• _Records from a collection_
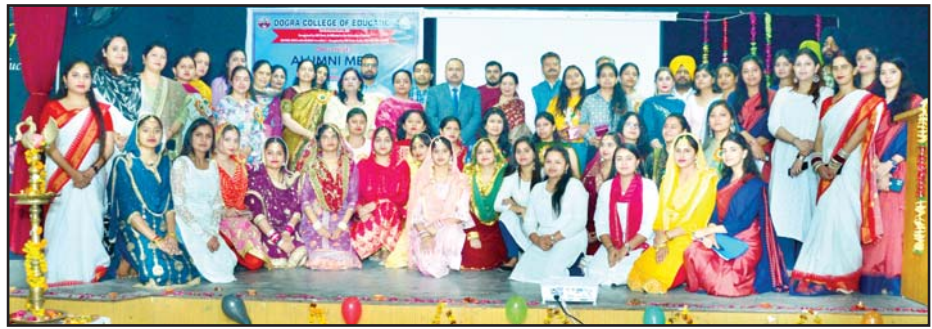
Alumni of Dogra College of Education and others pose for a group photograph during a meet on Saturday.
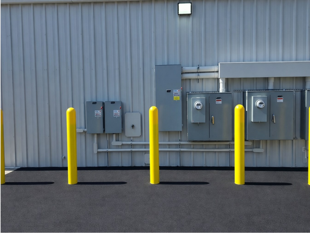
Heavy Power Capabilities
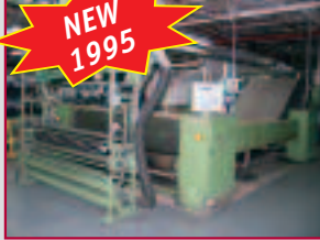
SPERROTO RIMAR STEAMER
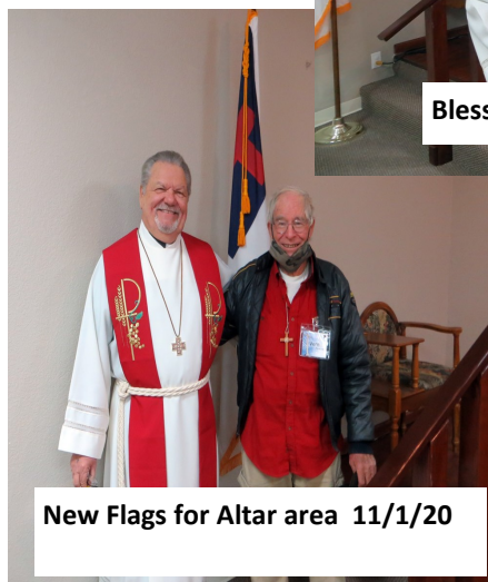
New Flags for Altar area 11/1/20
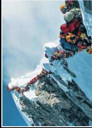
Long queue of climbers line a path to the summit of Everest on May 22, 2019.
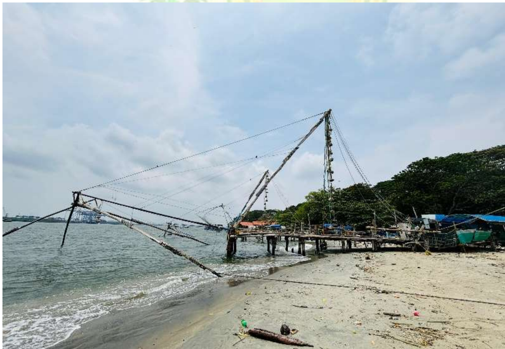
Pic- Chinese Fishing Nets
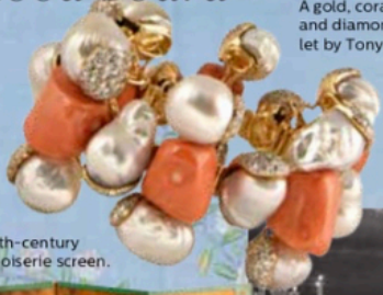
A gold, coral, pearl, and diamond bracelet by Tony Duquette.
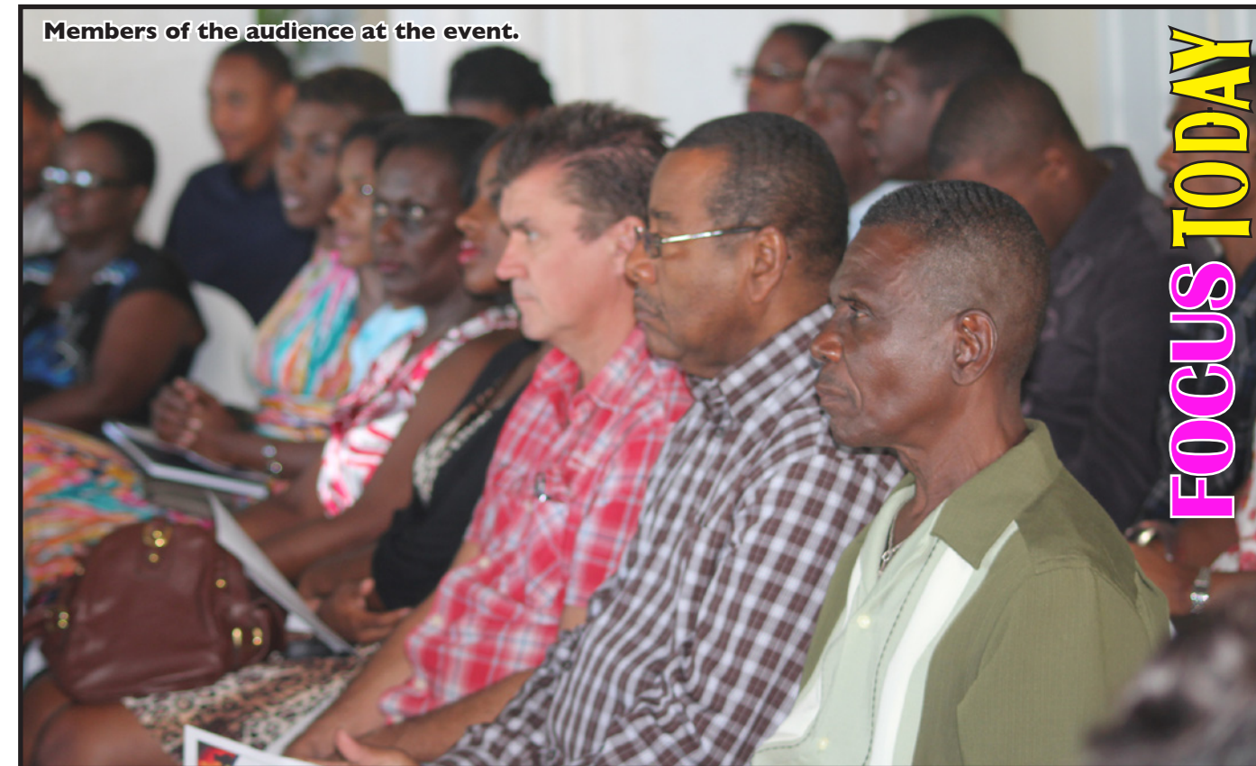
Members of the audience at the event.
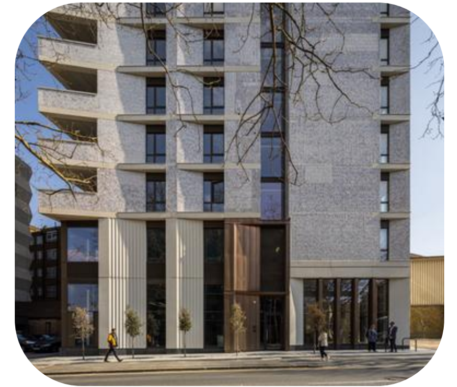
ADDISCOMBE GROVE, CR0 East Croydon
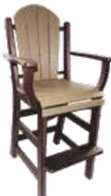
Daisy Comfy Arm Bar Chair #DCAB - 18 26" W x 25" D x 49" H Seat - 29 1/2" (39 lbs.)
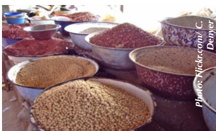
Cowpea grains at the market

Pulses: Cowpea is the most cultivated and consumed legume in Benin. It is produced in four agroecological zones, with Forest Mosaic, Southern Guinea and Northern Guinea Savanna accounting for
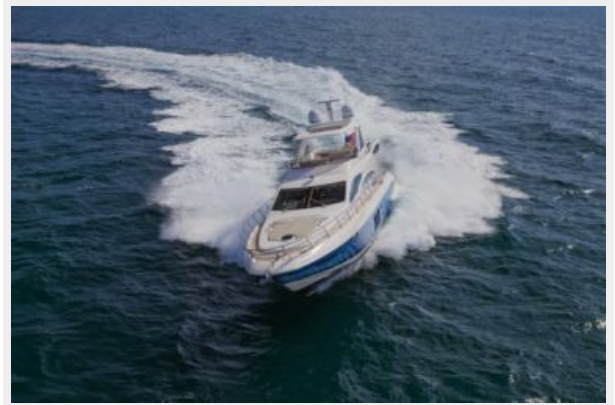
64' Azimut - Profile Picture 1
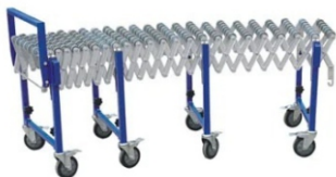
Roller Convery Expandable
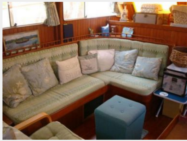
41' DeFever salon seating photo1
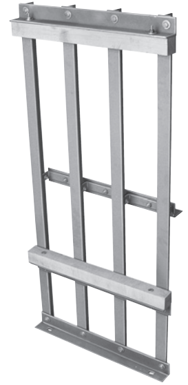
T-Bar Guide System 012-1500
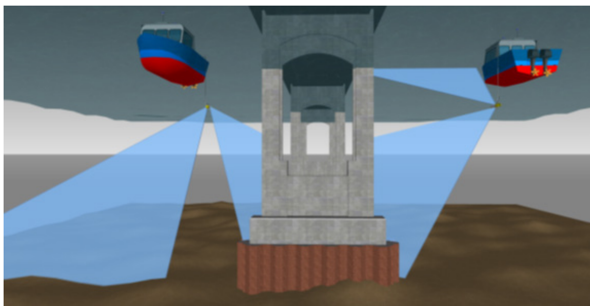
Figure 2. Side-scan sonar mounting positions for structural imaging (right) and bottom scanning (left).

The contents of this document reflect the views of the authors, who are responsible for the facts and accuracy of the data presented herein. The contents do not necessarily reflect the official views or policies of the California Department of Transportation, the State of California, or the Federal Highway Administration. This document does not constitute a standard, specification, or regulation. No part of this publication should be construed as an endorsement for a commercial product, manufacturer, contractor, or consultant. Any trade names or photos of commercial products appearing in this document are for clarity only.
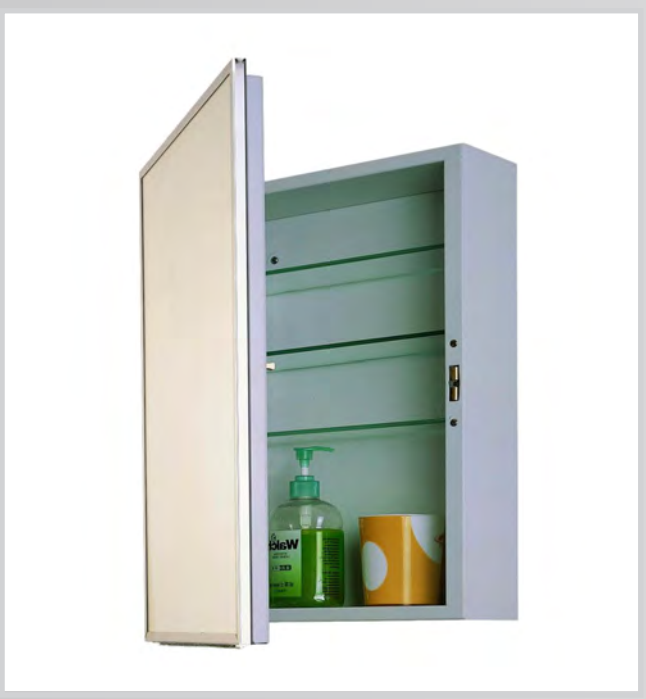
174-HCSM - Open
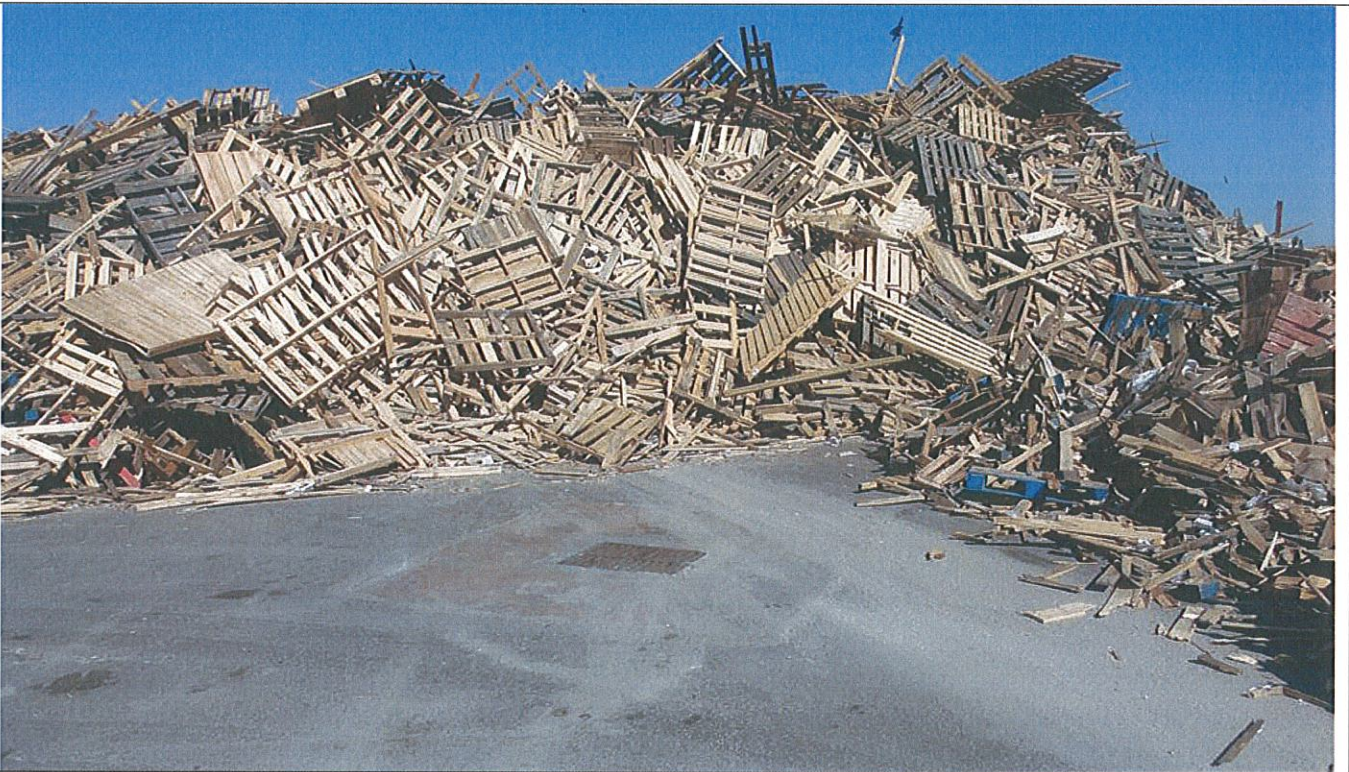
Photograph # 6 S.W. storm water retention pond drain appears unobstructed.
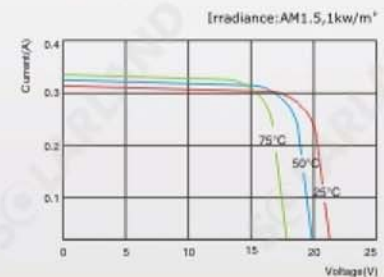
SLP005-12 I-V Curves
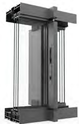
New closing on post 25m KLAR VISION +
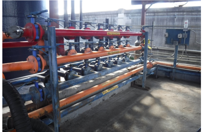
Daily Tank Inspection Checklists
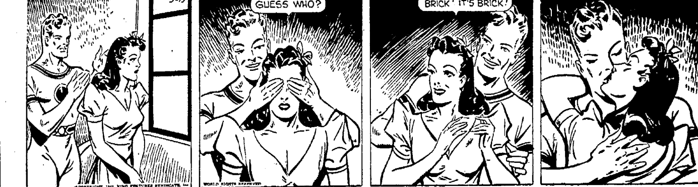
By Sol Hess
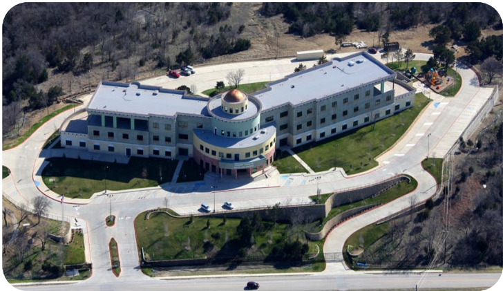
Harmony School of Nature – Dallas
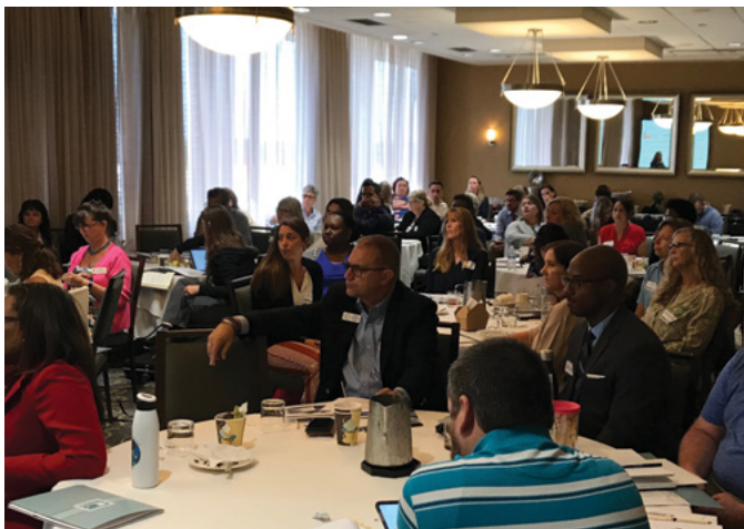
Senior staff from CoCs across the state participate in a DEO sponsored workshop in May, 2019.
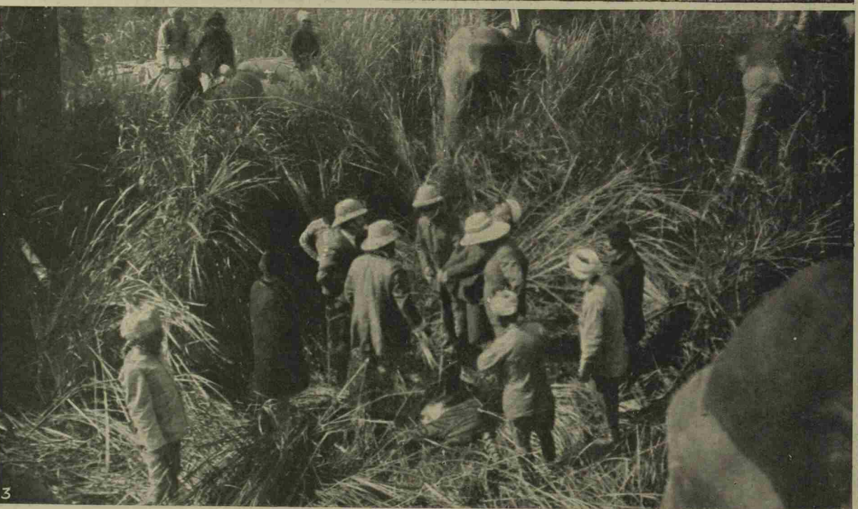
1. ON THE EDGE OF THE "RABBIT-RIDE," TRODDEN DOWN BY TWENTY OR THIRTY ELEPHANTS SPECIALLY EMPLOYED FOR THE PURPOSE: THE "GUNS" AWAITING A RHINOCEROS BY THE SIDE OF THE CLEARING.

(Continued.)—To quote Reuter: "Six hundred shooting-elephants have been collected, and the Nepalese shikaris are most skilful in finding the whereabouts of a tiger. The spot is then cleverly ringed by hundreds of elephants, which gradually converge, and the royal elephant is posted. A few of the best fighting-elephants then advance on the tiger and drive him out, in order that he may show himself to the King. . . . The usual method of shooting rhinoceros is for the
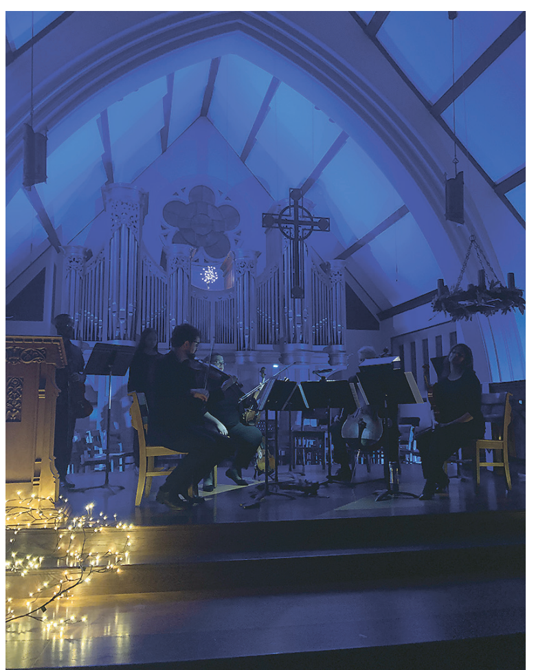
The blue deepened as the concert progressed, like winter turning icy and dark.

Oswaldo Golijov. Despite its jarring short bow strokes and almost "Psycho" like crescendos, "Tenebrae" also then entered another world: a walk on a starry night, a sleigh ride
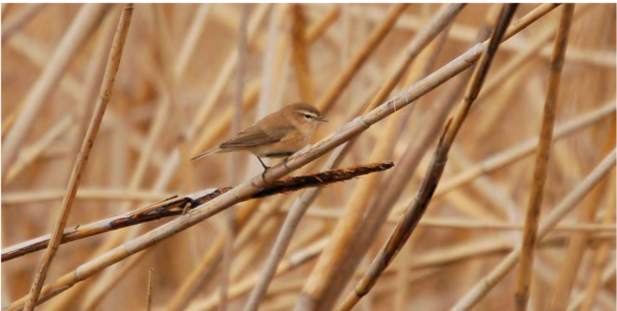
Picture 11: Caucasian Chiffchaff. 24.04.2011, Mtskheta.

Only one bird identified in Mtskheta on 24.04. (see image). Some possible birds noted around Stephansminda (where Common Chiffchaff was very common), however compared to the individual from Mtskheta, we believe that all the other birds were Common Chiffchaffs....
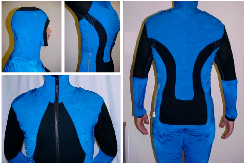
Figure 2. Subject wearing the liquid cooling garment (LCG) used in the study. Note: Several different views presented. The LCG is designed to cover areas of the body with high heat exchange capacity. The full color version of this figure is available online.
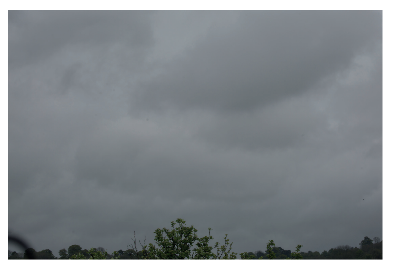
Fig. 4.2 for Question 4
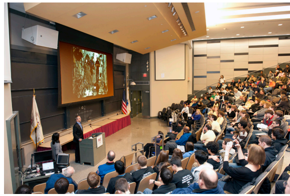
Video game entrepreneur and commercial space use supporter Richard Garriott speaks to 2011 Zero Robotics finalists at MIT. On screen, the live downlink from the ISS will show the SPHERES microsatellites executing the students' competing programs.

Station since May 2006. In 2009 we expanded the uses of SPHERES to include STEM outreach. In the fall of 2009 (as noted above), we began an exciting program called Zero Robotics to engage high school students in a competition aboard the ISS using SPHERES. In December 2010, 10 students from two Idaho schools came to MIT and saw their algorithms compete against each other in a live feed from the ISS. Since then, Zero Robotics has been expanded to include middle school programs as well as a competition in Europe. In 2012, more than 130 high schools nationwide and 20 schools in Europe competed. Also in 2012, the SPHERES facility on the ISS was expanded to include vision-based navigation and magnetic control of satellite formations.
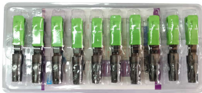
the packing of the product (10pcs/box, with user manual)
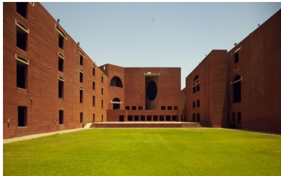
Indian Institute of Management,
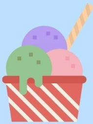
Ice Cream Cup
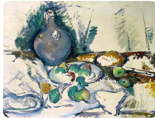
Paul Cézanne painted the apples in the foreground and the jug in the background in this painting.

Artists arrange objects in their artworks carefully. They decide which objects will go in the foreground or background of the work. They also think about the size of the objects they have chosen.
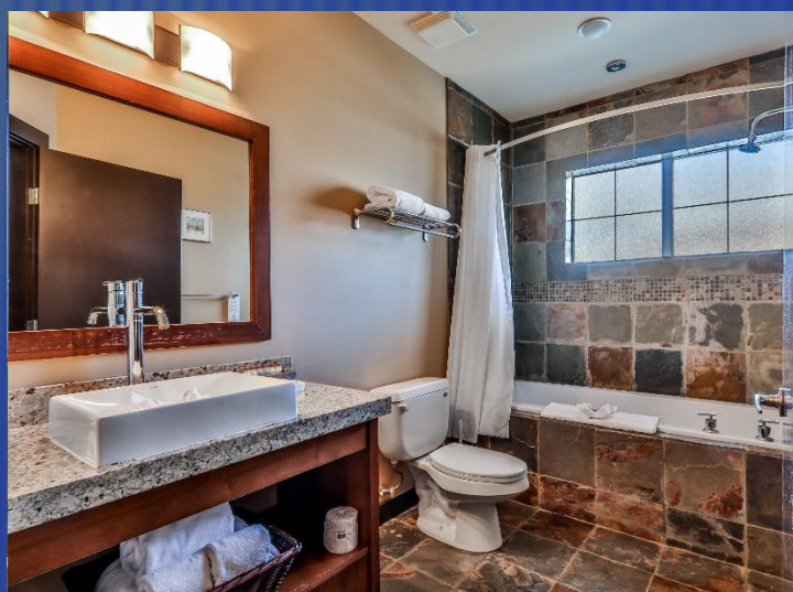
Relax & Restore In A Spa-Like Bathroom Setting
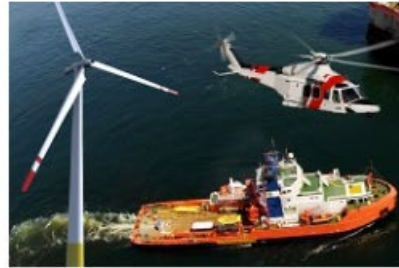
OPITO, OIL & GAS, OFFSHORE SAFETY TRAINING

• _EXERCISE_
Only the lines from the start of the records above through the line containing "ADDISCOMBE GROVE, CR0 East Croydon" should be returned, exactly and with both ends, please; the pictures stay out.

• _ANSWER TO THE EXERCISE_
Alumni of Dogra College of Education and others pose for a group photograph during a meet on Saturday.
Heavy Power Capabilities
SPERROTO RIMAR STEAMER
New Flags for Altar area 11/1/20
Long queue of climbers line a path to the summit of Everest on May 22, 2019.
Pic- Chinese Fishing Nets
A gold, coral, pearl, and diamond bracelet by Tony Duquette.
Members of the audience at the event.
ADDISCOMBE GROVE, CR0 East Croydon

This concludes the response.